The MERaLiON-SpeechEncoder is a speech foundation model designed to support a wide range of downstream speech applications, like speech recognition, intent classification and speaker identification, among others. This version was trained on **200,000 hours of predominantly English data including 10,000 hours of Singapore-based speech**, to cater to the speech processing needs in Singapore and beyond.
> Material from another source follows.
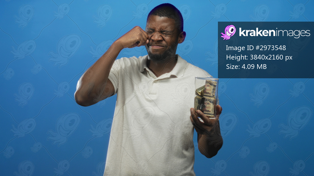 Man pinches nose while holding a clear jar of dollar bills in studio, grimacing at the smell and showing discomfort; disgust.
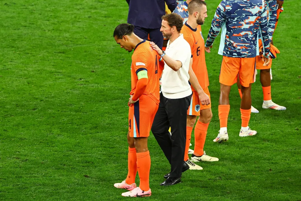 England manager Gareth Southgate consoles Virgil van Dijk of The Netherlands at full-time

Gradual support for other languages, starting with major Southeast Asian ones are planned for subsequent releases.

- **Developed by:** I<sup>2</sup>R, A\*STAR
- **Model type:** Speech Encoder
- **Language(s):** Primarily English (Global & Singapore)
- **License:** [MERaLiON Public License](https://huggingface.co/MERaLiON/MERaLiON-AudioLLM-Whisper-SEA-LION/blob/main/MERaLiON-Public-Licence-v1.pdf)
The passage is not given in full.